Other DNS request are working and it also works if I use a app on the phone to make the same DNS request that is getting blocked. The difference between blocked DNS and working DNS that the blocked requests are generated by a chipset driver on the phone.

I can make the DNS wifi calling DNS requests working with this Firewall rule:

config rule
        option target 'ACCEPT'
        option src 'lan'
        option proto 'udp'
        option dest_ip '192.168.0.253'
        option name 'wifi calling'
        option dest 'lan'

My question is, why do I have to create this rule and what is the difference between the DNS requests by the Android OS and the chipset driver ?

Usually you don't have to do it because default LAN-zone policy allows LAN-LAN forwarding.

1 Like

The case usually is as @vgaetera said.
Can you upload here the outputs of:
cat /etc/config/firewall
iptables -L -vn
iptables -t nat -L -vn

I have a slightly different setup using pSense, but I'm observing the exact same behavior.

Any Android phone attempting to start a wifi call (or switching to wifi-calling mid-call) fails when using any nameserver other than the router's, (ex: pi-hole or adguard). iOS seems to be unaffected.

However, if I add the pfSense equivalent firewall mentioned explicitly allowing DNS to the other DNS server, then it works.

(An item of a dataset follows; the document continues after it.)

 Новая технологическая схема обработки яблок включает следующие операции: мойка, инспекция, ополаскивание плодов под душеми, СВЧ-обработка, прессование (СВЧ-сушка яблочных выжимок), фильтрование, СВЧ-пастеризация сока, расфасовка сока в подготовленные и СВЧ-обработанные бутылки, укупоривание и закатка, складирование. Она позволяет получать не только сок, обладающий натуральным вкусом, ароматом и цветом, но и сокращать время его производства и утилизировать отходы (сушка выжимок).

However since both devices are on the same network, and are already allowed to talk directly to each-other I don't see why such a firewall rule is needed to make it work.

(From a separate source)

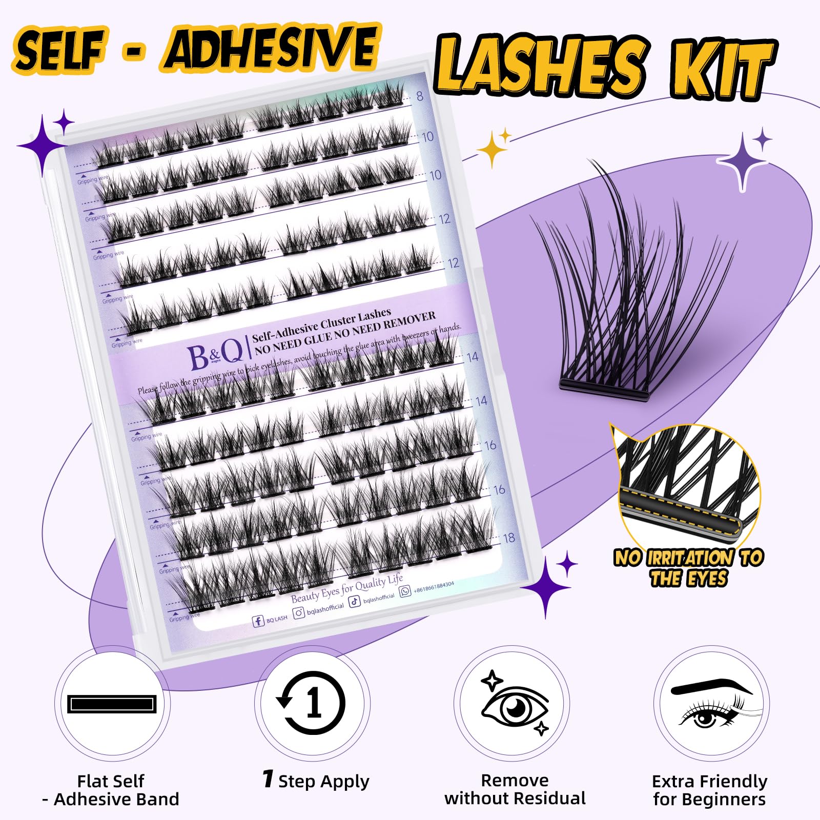 B&Q Self Adhesive Eyelashes Extensions Kit 100 PCS 8-18 Mixed Self Adhesive Lashes No Glue Eyelashes ZC03 Press On Eyelashes Clusters Kit Natural DIY Lash Extension Kit No Glue Lashes(ZC03-D-MIX)

In fact, in my setup, both my WiFi AP and DNS server are connected to a switch that is connected to the pfSense router, so in theory these packets should not even be hitting the firewall, yet somehow wifi calling breaks without this rule.

My best guess is that there may be a bug in Android's wifi calling implementation that only affects requests the modem directly makes.